A federal grand jury in California has indicted two men who may have been responsible for a nationwide “Ring swatting spree” that targeted Ring security cameras, including those in the Chicago area.
According to the indictment, Kya Christian Nelson, a.k.a. “ChumLul,” of Racine, Wisconsin, and James Thomas Andrew McCarty, a.k.a. “Aspertaine,” of Charlotte, North Carolina hacked into dozens of Ring cameras and placed bogus emergency calls to law enforcement so that they could watch the often-armed response. They are also accused of livestreaming the events on social media.
The case, revealed this week by the Justice Department, alleges a particular attack on a home in West Covina, California, where Nelson allegedly accessed a Ring doorbell camera and used it to verbally threaten and taunt West Covina Police officers who responded to the reported incident.
The indictment alleges other similar Ring-related swatting incidents occurred in Flat Rock, Michigan; Redding, California; Billings, Montana; Decatur, Georgia; Chesapeake, Virginia; Rosenberg, Texas; Oxnard, California; Darien, Illinois; Huntsville, Alabama; North Port, Florida; and Katy, Texas.
Cyrus Walker of Chicago-based Data Defenders LLC said protecting your home from this kind of hack isn’t hard, but does require addressing not only the cameras, but the internet network that allows them to connect to each other and the outside world.
“The one thing I recommend is that users make sure their wireless networks are as secure as they can be,” Walker said.

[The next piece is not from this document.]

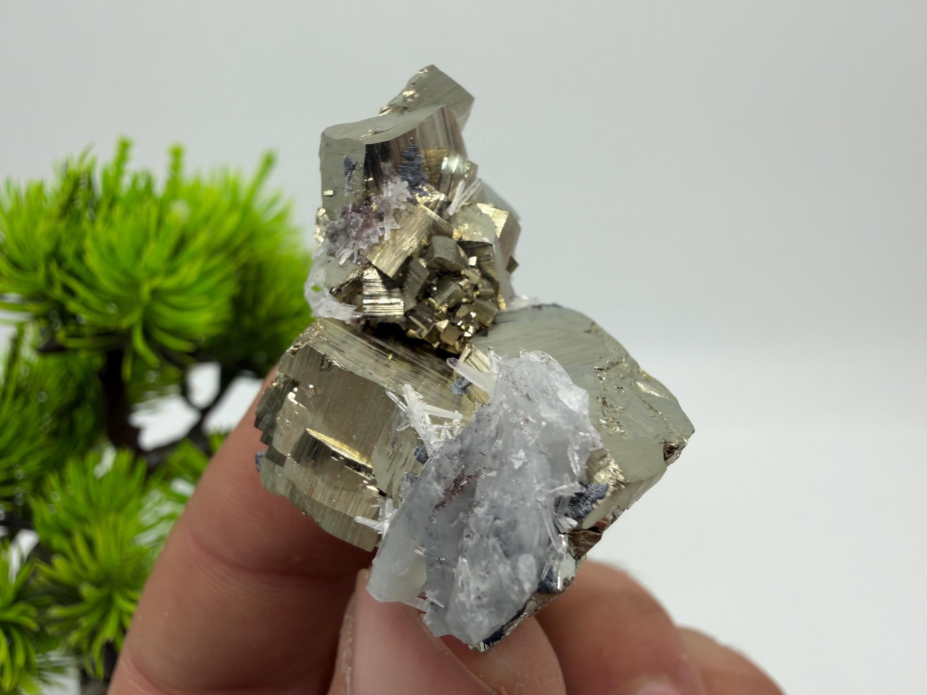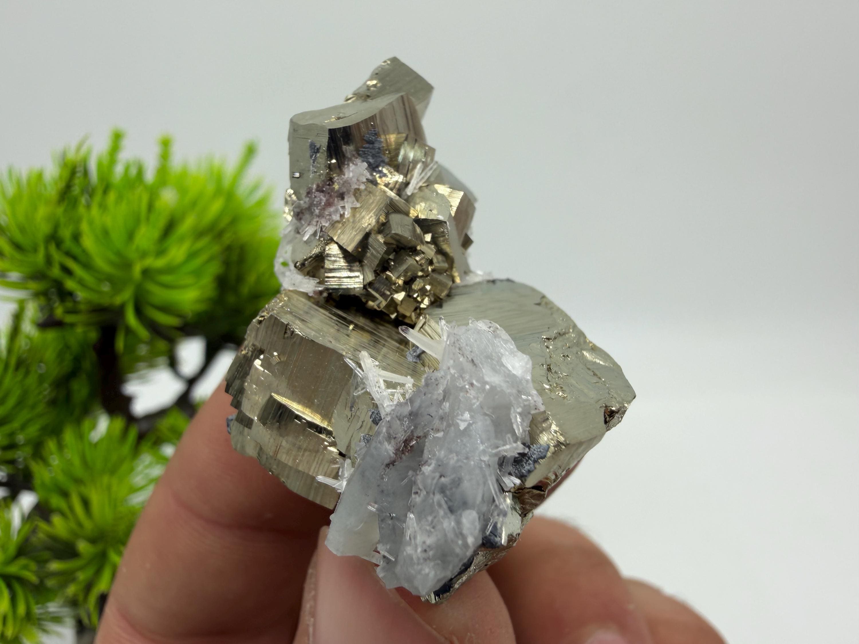 Pyrite on Quartz Specimen, Natural Mineral Decor

He recommends using strong passwords and setting up wireless routers so that they are not broadcasting their SSID or Service Set Identifier. The SSID acts as a beacon to let others find your network. He also recommends that users have encryption enabled to the highest degree and that they separate the networks into private and guest networks.
Walker also recommends that you change the default security logins and passwords as soon as you bring a new device home.
“The device that you bought, someone else bought also and they have those same default settings. It is extremely important that when you crack the tape on that box, and you plug it up, the very first thing you do is that you change the username and the password on that device so that only you have access to that device at that point,” Walker said.
Recent swatting incidents have prompted the FBI in late 2020 to issue a public service announcement urging users of smart home devices with cameras and voice capabilities to use complex, unique passwords and enable two-factor authentication to help protect against swatting attacks.